Lough Leane from Aghadoe

Lough Leane from Aghadoe

 

The fame of the Muckross Demesne, near Killarney, overshadows the Fossa woodlands that penetrate right into the heart of the town. Passing through the gates of Killarney House, one instantly leaves the hustle and bustle and is enveloped in the quiet of this urban woodland. The House which was a gift to the people of Killarney had been allowed to deteriorate but has now been refurbished and will soon be open to the public.

I took the path on the left which is the newly established Fossa Way, pausing at the thatched Derreen Cottage for a morning coffee before continuing on with an eye out for a path on my right which brought me out on to the main road which I crossed to get on to a narrow road known as “Bóithrín na Marbh” (“The Little Road of the Dead”), which was the route taken by funerals from Killarney Cathedral to the graveyard at the top of the hill which has a ruin of a church dating back to the sixth century. This is known, apparently, as “The walk from baptism to death.” The road runs along the contours at the start and then turns sharply uphill. I love the atmosphere of old graveyards, but this one was spoiled somewhat by a large modern building which has been built right up against the dry-stone wall. Unbelievable.

Ridge of the Reeks from Aghadoe
Ridge of the Reeks from Aghadoe

However, my dim view of such insensitivity was forgotten when I saw the sight that awaited me further on, where a large open green area overlooked a vast panorama of the mountains and lakes of Killarney. There is seating to allow you to sit and absorb the essence of the scene. A long information panel helps you identify the names of the myriad peaks in view. It is small wonder that William Wordsworth, that great lover of the English Lake District, declared that “. . . Kerry, that county so nobly indented with bays of the Atlantic Ocean and possessing a climate so favourable for vegetation, along its mountains and inland waters might, without injustice, be pronounced in point of scenery, the finest portion of these islands.”
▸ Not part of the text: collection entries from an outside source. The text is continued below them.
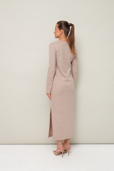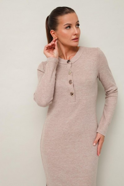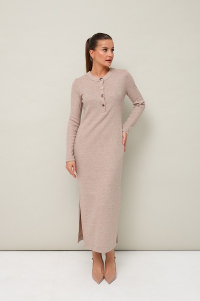 Стильное платье полуприлегающего силуэта, выполнено из трикотажного полотна. Горловина округлой формы, с центральной застежкой на петли и 4 разных пуговицы. Рукава длинные втачные. В боковых швах обработаны высокие
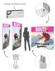 Conçu en aluminium blanc au design épuré, le totem iLLUMiGO est proposé exclusivement en recto-verso lumineux pour une visibilité optimale. Les visuels sont imprimés sur textile backlight (textile diffusant), souple et interchangeable, avec jonc PVC pour un maintien parfait dans le profilé. L’ensemble se range dans une boîte de transport compartimentée, facilitant le stockage et les déplacements.
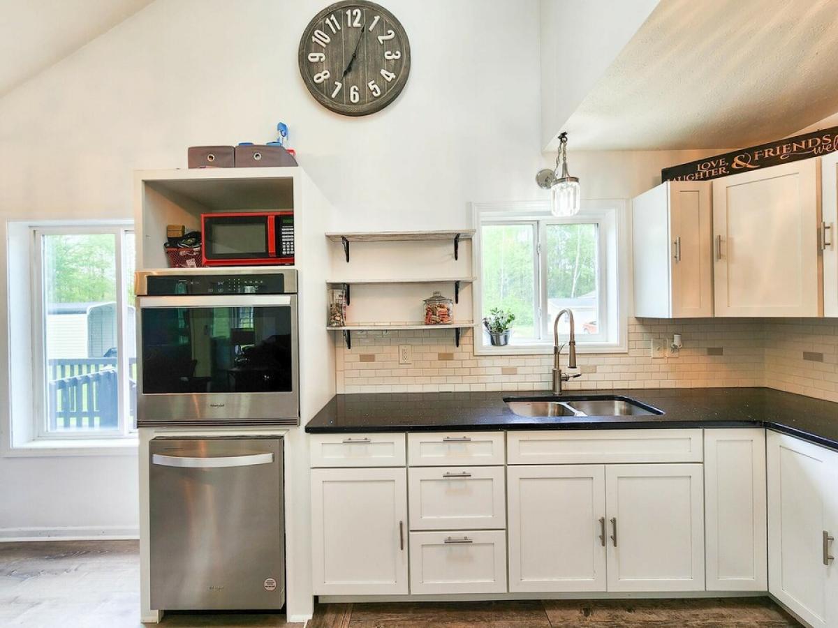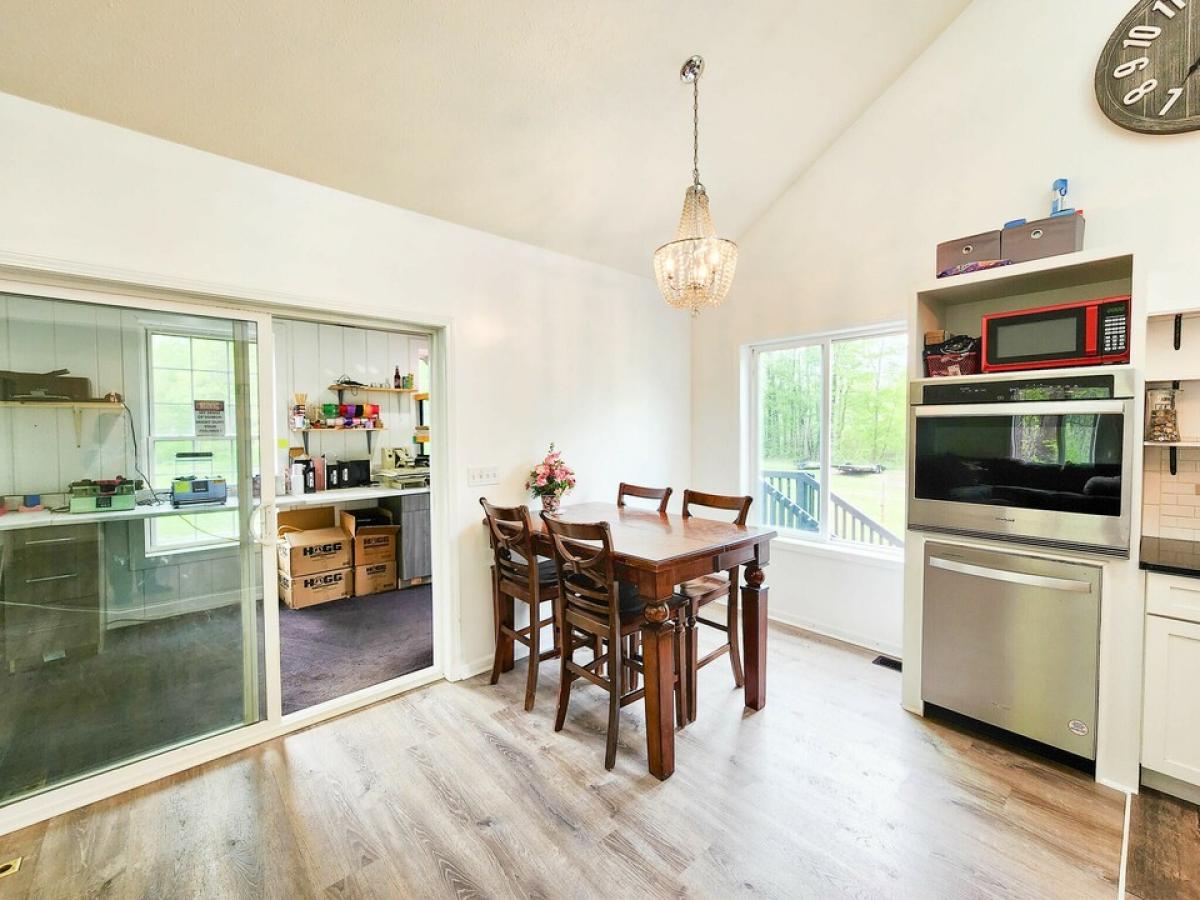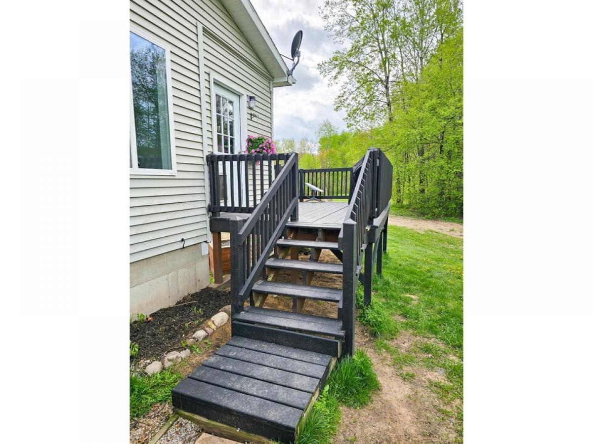 This property is a nature lover's dream! With 600+ feet of river frontage, a stocked pond, and 12+ wooded acres for hunting, it's paradise. Plus, it features a 2-car heated garage, insulated pole building, carport for a motorhome, chicken coop, deer blind, paved driveway, central air, and natural gas. Enjoy a walkout basement, 3-season sunroom, and cathedral ceilings in the 2290 sq ft home. Built in 2004, it offers a quartz kitchen and stainless-steel appliances. Immediate occupancy available with potential for a third bedroom in the unfinished basement. Situated on a paved road close to town.

Coming down from Aghadoe on to the main road, the fastest way to get off it is through Killarney Golf Club where you can get right down to the water’s edge and have a view of the lake and the hills uninterrupted by vegetation. Carrying on around the edge of the lake, I arrived at the now restored Ross Castle, the last stronghold of the O’Donoghue chieftains. I carried on out to the end of the peninsula which was the only part of my route that had a fair number of walkers on it, drawn by the views across Lough Leane. Copper was once mined here as is evidenced by the remarkable green pool enveloped in a limestone grotto. Once past the castle on the way back, the crowds melted away and I had a peaceful walk through the Knockreer Gardens which were bedecked in their spring flowering finery of camellias, rhododendrons, azaleas, magnolias and cherries.

And then it was time to leave my woodland surroundings and plunge back into the lively heart of Killarney.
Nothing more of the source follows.